- [Work request]
Some entries follow. Reproduce exactly the lines starting at the one with "成年猞猁的平均体长在1.2米" and stopping after the one with "这表明这一件事的改动结果和杀".

- [Source material]
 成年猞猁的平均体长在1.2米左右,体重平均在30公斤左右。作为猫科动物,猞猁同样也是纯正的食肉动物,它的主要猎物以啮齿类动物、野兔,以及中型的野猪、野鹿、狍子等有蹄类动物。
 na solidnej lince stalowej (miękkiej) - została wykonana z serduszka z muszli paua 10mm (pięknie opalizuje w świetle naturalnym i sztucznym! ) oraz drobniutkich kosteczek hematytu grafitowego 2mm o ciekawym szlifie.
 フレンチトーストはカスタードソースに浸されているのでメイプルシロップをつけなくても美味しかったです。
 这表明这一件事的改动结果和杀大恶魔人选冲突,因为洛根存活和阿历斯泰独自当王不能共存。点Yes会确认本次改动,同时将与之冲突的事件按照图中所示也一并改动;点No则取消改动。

* * *

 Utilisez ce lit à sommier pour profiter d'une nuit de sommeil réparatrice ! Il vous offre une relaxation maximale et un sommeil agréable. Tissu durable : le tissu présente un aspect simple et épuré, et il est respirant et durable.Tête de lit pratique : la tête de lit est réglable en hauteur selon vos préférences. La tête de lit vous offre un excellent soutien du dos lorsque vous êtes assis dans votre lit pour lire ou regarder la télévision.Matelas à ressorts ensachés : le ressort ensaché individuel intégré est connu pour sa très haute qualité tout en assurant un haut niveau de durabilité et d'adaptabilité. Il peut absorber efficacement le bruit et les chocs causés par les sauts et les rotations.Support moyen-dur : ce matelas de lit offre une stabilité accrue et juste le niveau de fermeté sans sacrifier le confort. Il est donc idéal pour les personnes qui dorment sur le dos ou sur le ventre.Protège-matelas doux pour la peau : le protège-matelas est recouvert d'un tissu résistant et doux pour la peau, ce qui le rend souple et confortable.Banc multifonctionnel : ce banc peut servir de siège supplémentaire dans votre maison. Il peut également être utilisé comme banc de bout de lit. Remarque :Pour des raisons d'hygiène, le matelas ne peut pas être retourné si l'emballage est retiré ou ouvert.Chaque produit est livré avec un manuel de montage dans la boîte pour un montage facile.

- [Solution to this exercise]
 成年猞猁的平均体长在1.2米左右,体重平均在30公斤左右。作为猫科动物,猞猁同样也是纯正的食肉动物,它的主要猎物以啮齿类动物、野兔,以及中型的野猪、野鹿、狍子等有蹄类动物。
 na solidnej lince stalowej (miękkiej) - została wykonana z serduszka z muszli paua 10mm (pięknie opalizuje w świetle naturalnym i sztucznym! ) oraz drobniutkich kosteczek hematytu grafitowego 2mm o ciekawym szlifie.
 フレンチトーストはカスタードソースに浸されているのでメイプルシロップをつけなくても美味しかったです。
 这表明这一件事的改动结果和杀大恶魔人选冲突,因为洛根存活和阿历斯泰独自当王不能共存。点Yes会确认本次改动,同时将与之冲突的事件按照图中所示也一并改动;点No则取消改动。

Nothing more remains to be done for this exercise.